Mit Freunden zusammen zu sein war Kirill wichtig; Allerdings stützte er seine Entscheidung in erster Linie auf seine Fernlernerfahrung im letzten Frühjahr. „Ich mag kein Online-Lernen“, sagt er. „Wenn ich es brauche, kann ich mir im Unterricht helfen. Wenn ich zu Hause bin, kann ich mich zu leicht ablenken lassen.“ Obwohl er mit einem hybriden Zeitplan begann, ergriff er die Chance, als er Vollzeit zurückkehren durfte. 'Ich versuche, einen normalen Tag zu haben.'

Cristi Tursi, wissenschaftliche Direktorin des Long Beach School District, sagte, sie habe sich entschieden, ihre beiden Töchter ganztägig auf ihre örtliche Pfarrschule zurückzuschicken.

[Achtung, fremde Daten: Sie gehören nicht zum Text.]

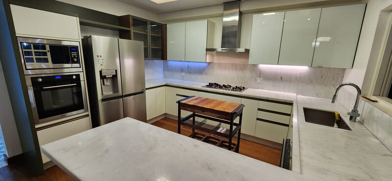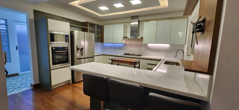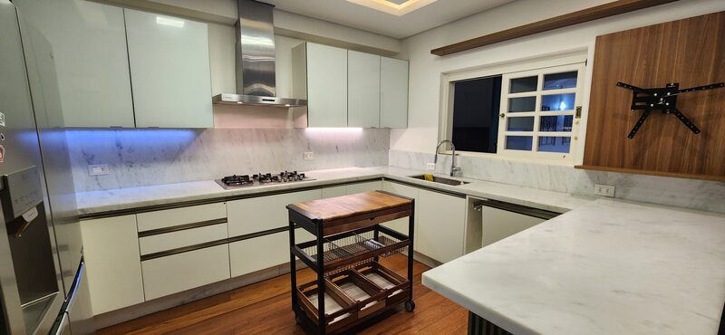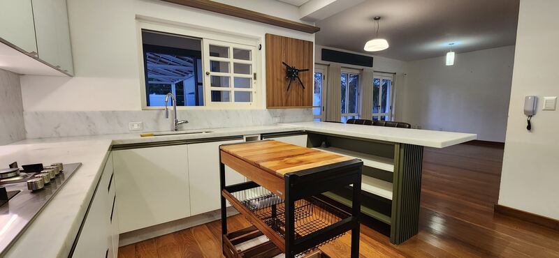 Possui 3 vagas para carros e sistema de alarme! O piso é flutuante na parte social.
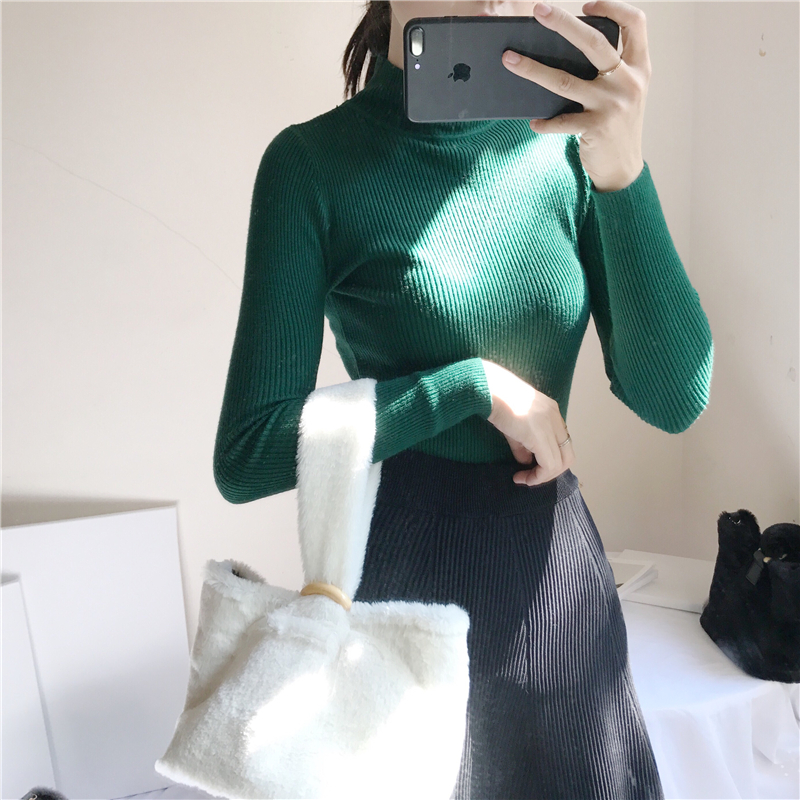 純色半高領套頭毛衣打底衫女秋冬2018新款韓版百搭修身緊身針織衫
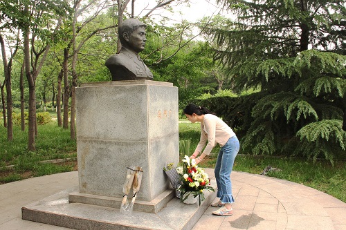 凛然英雄气,激荡天地间。赵鹏在冯思广雕像前行鞠躬礼后,宣布悼念冯思广烈士活动开始。首先,部分参与成员为冯思广烈士扫墓,全体人员默然肃立,向冯思广烈士进行默哀三分钟,寄托无限哀思。

Sie sagte mir, dass sie dies trotz „Angst und Besorgnis“ getan habe. „Long Beach hat Richtlinien für Bezirksverwaltungen, aber ich werde trotzdem in jeder Schule sein, daher machte es keinen Sinn, meine eigenen Kinder zu Hause zu behalten“, sagte sie. „Wir sind eine gesunde Familie. Wir sind zuversichtlich, dass es uns am Ende gut gehen würde, wenn wir das Virus bekommen würden.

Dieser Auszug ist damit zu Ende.